Dawno nie pisałem, ale postaram się od teraz robić częstsze aktualizacje drobiu wszelakiego.
W piątek dostałem maila z zapowiedziami fizycznych wydań paru indykow w tym miesiącu. Chyba najbardziej mnie zaciekawił tytuł Road to Guangdong.
Dość ciekawy styl graficzny, który przywodzi mi na myśl Virginię, a wszystko to w wyprawie przez kawałek Chin. Tutaj gp z tytułu:
Ostatnio też ukazała się nowa przygodowka Czechów od Machinarium, o tytule Creaks i wygląda bardzo dobrze:
Niedawno też natrafiłem na kolejną przygodowkę, która wydaje się być mocno zakorzeniona w skandynawskich klimatach, Roki:
Kolega polecał, chociaż dodał zaraz, że to żadna gra indie tego roku, ale mowa o Carrion:
A ja z kolei ostatnio ze zdziwieniem odkryłem, na tablecie syna, dwa trochę starsze indyki w cenach 1/3 wersji konsolowych. Mianowicie Gorogoa za ok. 18 zł i Gris za 23 zł.

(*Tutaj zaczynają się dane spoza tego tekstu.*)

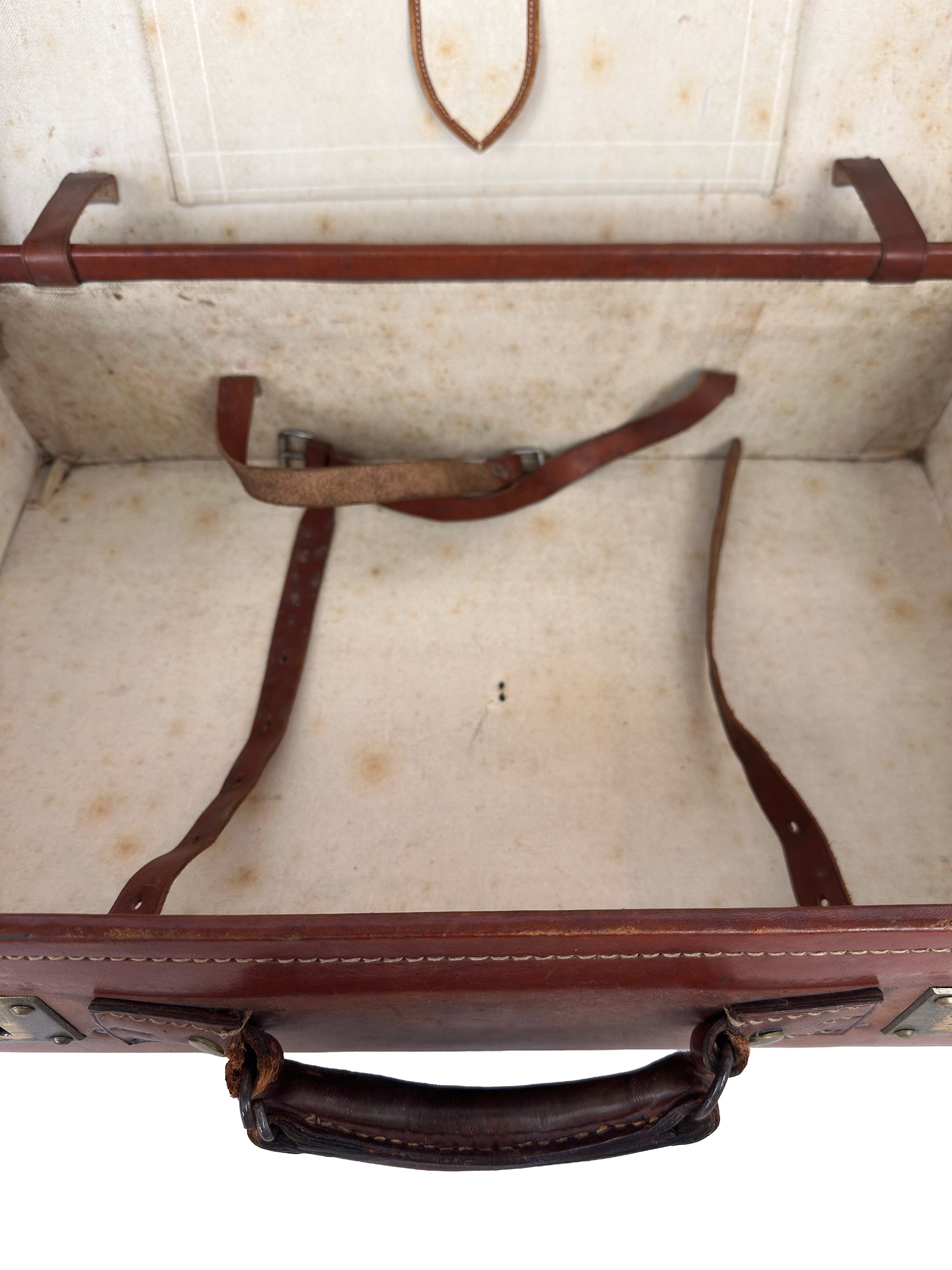 Constructed from thick, vegetable tanned leather with hand stitching, reinforced corner guards, and riveted construction, this case was built for the realities of long distance rail and steamship journeys. The surface shows a rich, naturally developed patina with scuffs and wear that tell the story of real Continental travel rather than decorative aging.

Ktoś przymierza się do kupna Spelunky 2? Sam nie należę do fanów rogalików, od jedynki się odbiłem i w przypadku dwójki nie widzę powodu, aby miało być odwrotnie.
2020 wygląda na naprawdę kolejny niezły rok dla sceny indie. Zobaczymy co jeszcze ciekawego dostaniemy w ostatnich miesiącach tego roku, ale już mam paru faworytów, o których może napiszę w przyszłości.
Niedawno też wyszedł kolejny FMV jeśli ktoś lubi, o tytule The Complex. Na początku roku ukończyłem Ericę, ale nie porwała mnie. O wiele lepiej bawiłem się przy Late Shift.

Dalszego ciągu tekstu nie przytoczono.